■ Assignment
For this exercise, return only the lines in the records below from the one holding "18K Gold Plated" through the one holding "Figure 1.2 This", including both, exactly as they appear and without pictures.

■ Entries supplied
▽
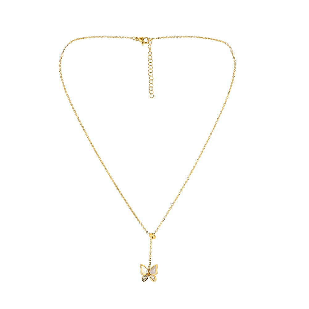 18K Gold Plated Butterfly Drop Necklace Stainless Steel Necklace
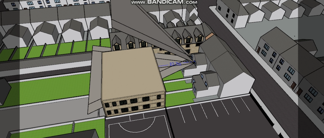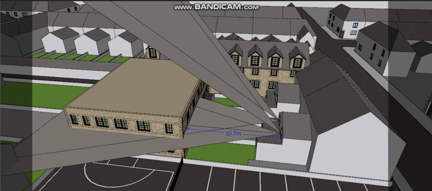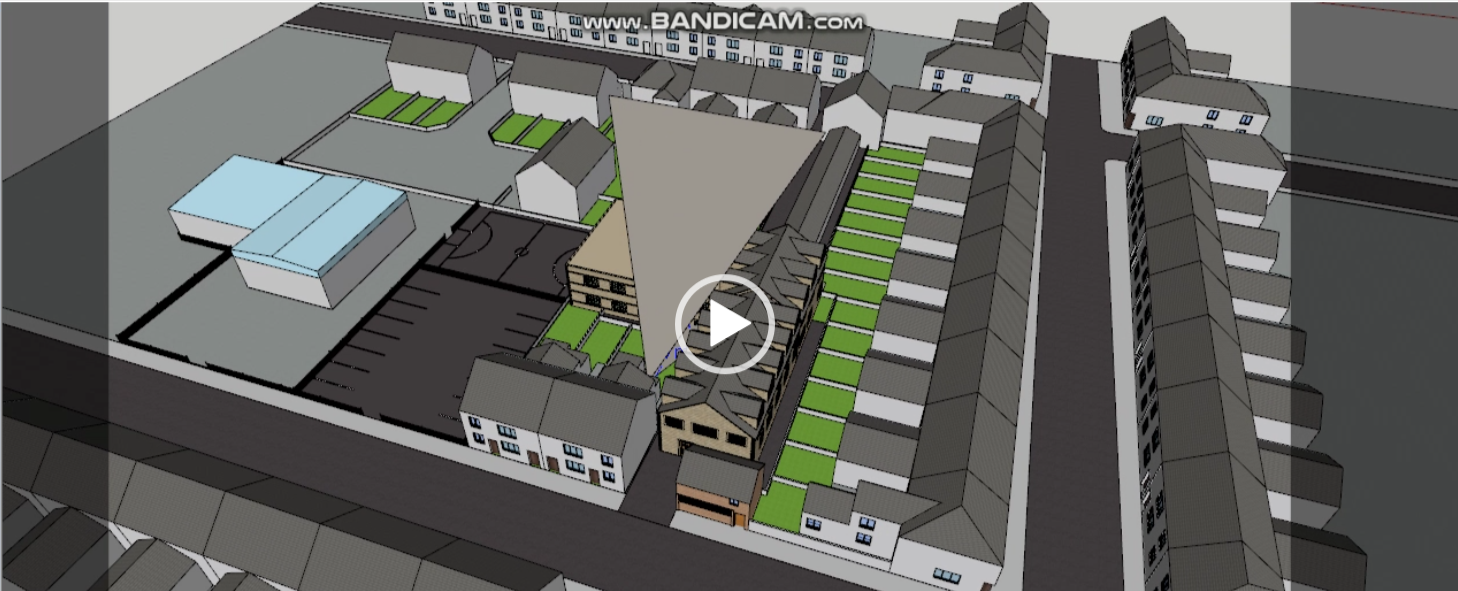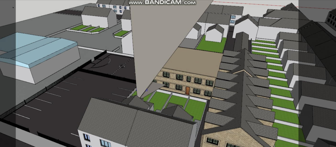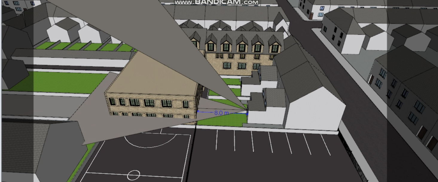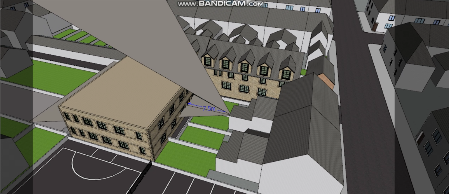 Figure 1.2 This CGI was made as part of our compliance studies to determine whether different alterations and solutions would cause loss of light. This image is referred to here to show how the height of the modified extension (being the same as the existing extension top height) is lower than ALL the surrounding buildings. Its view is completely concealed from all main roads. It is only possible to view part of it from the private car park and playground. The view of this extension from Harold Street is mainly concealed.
△
▽
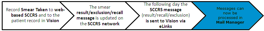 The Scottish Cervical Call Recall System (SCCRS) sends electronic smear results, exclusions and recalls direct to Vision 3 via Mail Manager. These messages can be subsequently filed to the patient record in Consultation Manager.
△
■ Answer to this exercise
 18K Gold Plated Butterfly Drop Necklace Stainless Steel Necklace
 Figure 1.2 This CGI was made as part of our compliance studies to determine whether different alterations and solutions would cause loss of light. This image is referred to here to show how the height of the modified extension (being the same as the existing extension top height) is lower than ALL the surrounding buildings. Its view is completely concealed from all main roads. It is only possible to view part of it from the private car park and playground. The view of this extension from Harold Street is mainly concealed.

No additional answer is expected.